_Given material_.
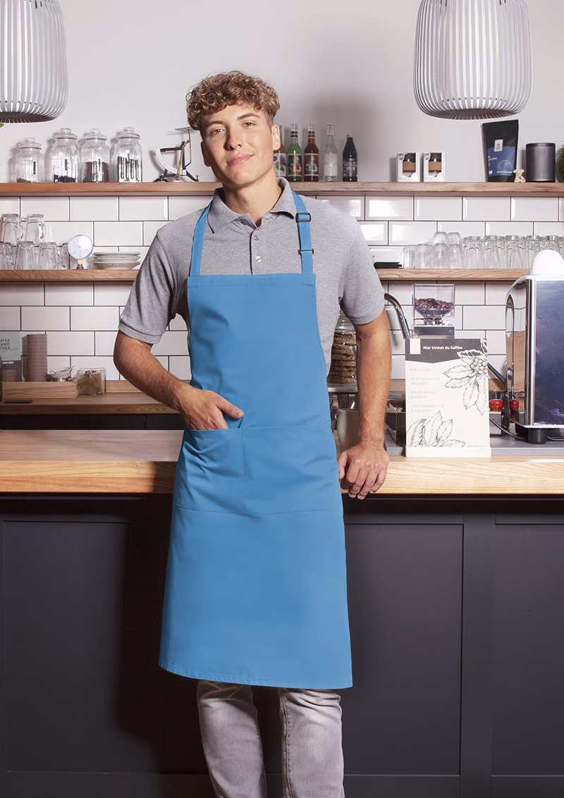 The bib apron measures 75 x 90 cm (width x length), offering generous protection against dirt. A patch pocket with two separate compartments (40 x 20 cm) allows you to safely store utensils such as pens or small tools that need to be quickly accessible in everyday service or salon work. The seams are carefully secured to ensure a long service life even with frequent washing.
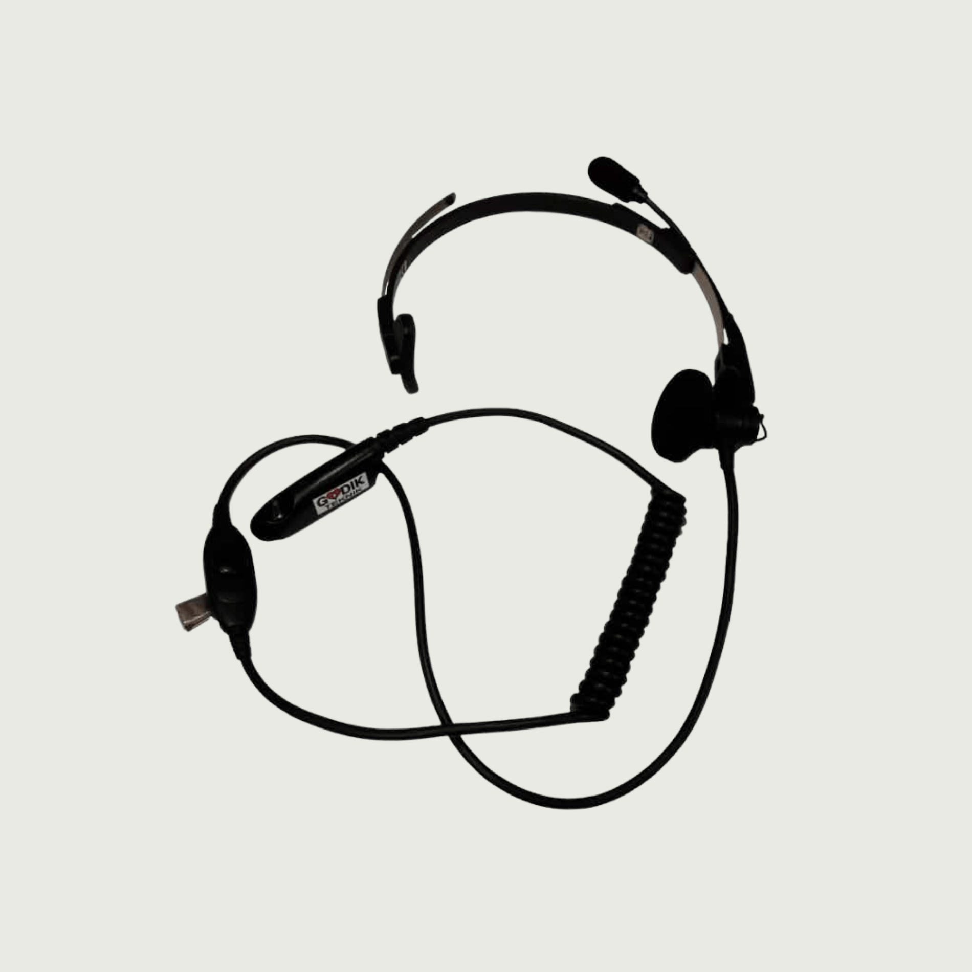 Let headset med tasteknap, mono høretelefon og justerbar mikrofon. For analog radio.
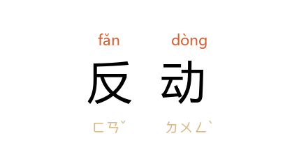 ⒈ 对于现实的政治运动或社会运动,表示反对的意见或采取反对的行动,称为「反动」。

_Work order_. Transcribe the material above in full. No picture is to be copied.

_Task solution_.
 The bib apron measures 75 x 90 cm (width x length), offering generous protection against dirt. A patch pocket with two separate compartments (40 x 20 cm) allows you to safely store utensils such as pens or small tools that need to be quickly accessible in everyday service or salon work. The seams are carefully secured to ensure a long service life even with frequent washing.
 Let headset med tasteknap, mono høretelefon og justerbar mikrofon. For analog radio.
 ⒈ 对于现实的政治运动或社会运动,表示反对的意见或采取反对的行动,称为「反动」。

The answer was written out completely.